For the second week in a row, I'm featuring a track from Spock's Beard's last album and, for the second week in a row it comes from the bonus disc.  But, if something pops up on shuffleplay which I feel I just have to feature, then I don't care about its origin, on it goes to the playlist for your enjoyment and delectation, mes amis...

Cloudland Blue Quartet - Twenty Five Things  3:19
from "Starlightnight"
A song from the last CBQ song LP, "Starlightnight", released almost two years ago.  It's over two years since I've played live and over two years since I've written a song - but I've got some new soundscapes coming so it's all good.  This is my take on a "list" song, all based around a nifty wee guitar loop...
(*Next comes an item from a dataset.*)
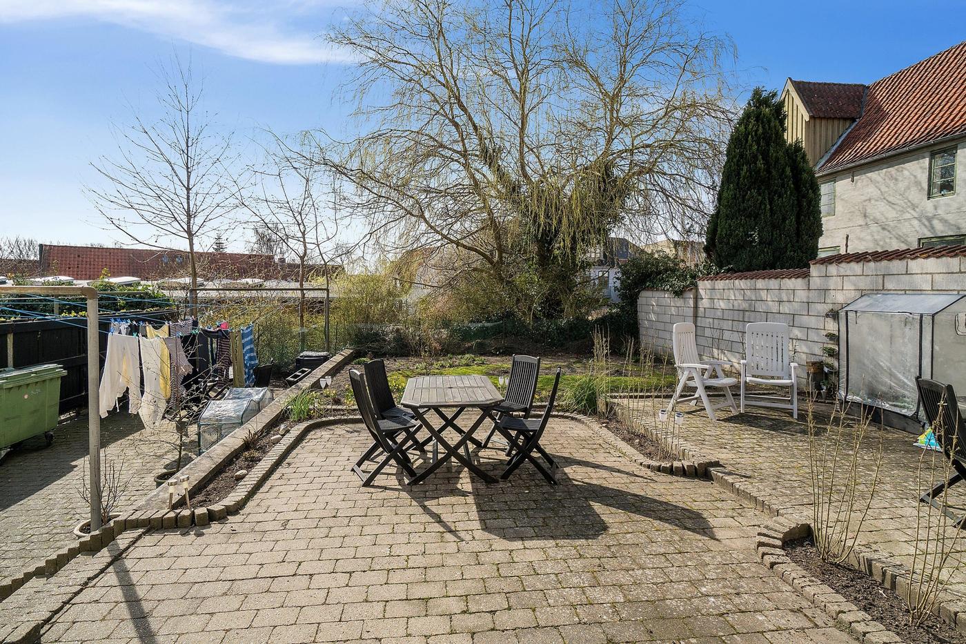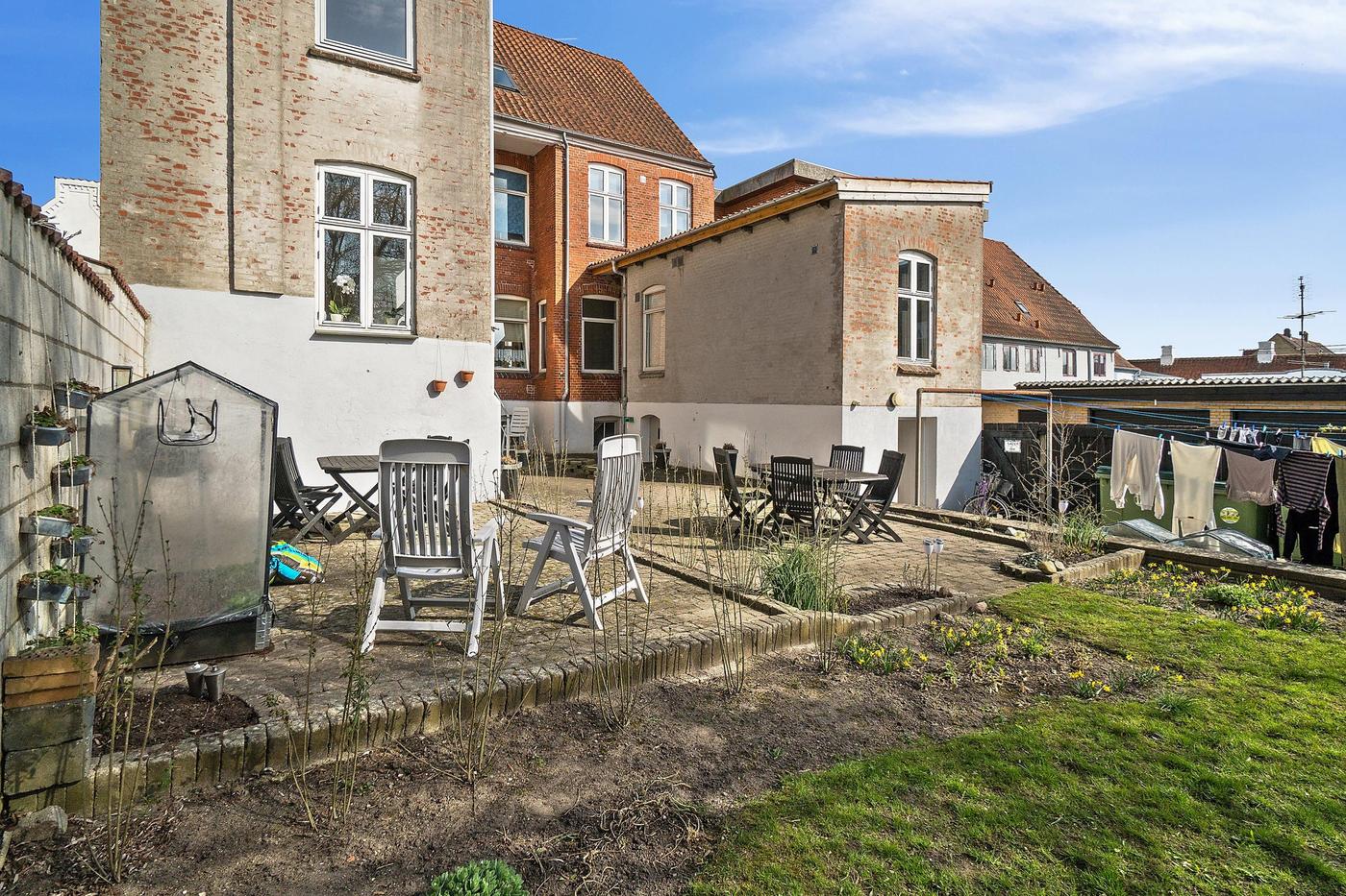 Bag ved ejendommen er der en gårdhave/terrasse der er flisebelagt og til fælles benyttelse. Grunden udgør alene 373 m2 og der er derfor minimalt vedligeholdelse.

Paul McCartney & Wings - Maybe I'm Amazed (live)  5:21
from "Wings Over America"
And we finish with a single from Wings, taken from their triple live LP from 1977 and probably the best version of this track from McCartney's early solo career.  Interesting to note that, of the twenty eight songs in the set there are only five Beatles numbers.  This seems to perplex present day reviewers but they forget that, at the time this was recorded and released, Wings had far outsold the Beatles in the 70's and were huge all over the world.  There was no need for McCartney to fill his live set with sixties material, no "Hey Jude" or "Let it Be" encores. Of course all that changed after the death of Lennon and once the Apple marketing machine got into full swing super-boosting the Beatles' legacy to a point where they will never now be caught in the stakes of most popular band ever to have walked the planet...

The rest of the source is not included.